Let's say we want to shift it over by an amount $\Delta x$. A first approximation would be to create a function that returns the value $\psi(x_0) + (\Delta x * d\psi/dx (x_0))$ at every point $x_0$.
Then this is a very crude approximation of the original $\psi(x)$ shifted over by $\Delta x$.
How could we make the approximation better? Well instead of only using the first derivative once, what if we used the first derivative to get us to $x$ + (some portion of $\Delta x$) say just $1/10 * \Delta x$. Then we have a new $\psi_1$ function which took care of "10%" of the total translation.
Then apply the system again: Take the first derivative of $\psi_1$ again at every point, and then use that to approximately bump every point over by another $1/10 * \Delta x$. That gives us $\psi_2$ which is shifted over now by 20% of the total goal.
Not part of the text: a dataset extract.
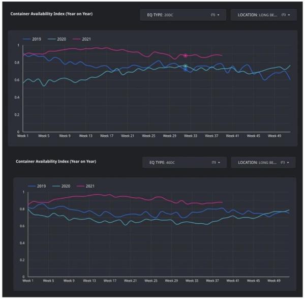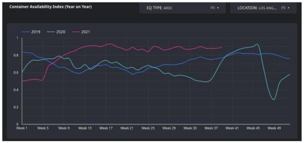 由于零售商在假日季节前备货,高进口水平导致拥堵加剧。上图显示了过去三年入境集装箱与出境集装箱的CAx同比趋势。与2020年同期相比,2021年8月的CAx值平均增加了60%。这表明洛杉矶港的入港集装箱比去年同期增长了60%。
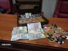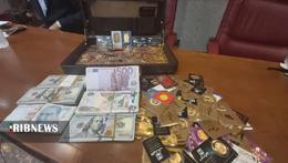 کیف حاوی سکه و ارزهای کشف شده از متهمان پرونده

And what if we did this all the way to $\psi_{10}$.
Well that would make a very good approximation for $\psi$ shifted over by the full $\Delta x$, and the expression representing all that process would be:
$(1 + (1/10 * \Delta x) * d\psi/dx)(1 + (1/10 * \Delta x) * d\psi/dx) .. (1 + (1/10 * \Delta x) * d\psi/dx)$, right? Which if you expand it out with the binomial theorem gets you something that looks very much like the Taylor expansion of e. Hence if you did this to a finer and finer degree, you'd eventually end up with $e^{(\Delta x) d/dx}$. Which is basically what we write as the formula for the translation operator, $e^{\Delta x (i/\hbar)\hat{p} }$.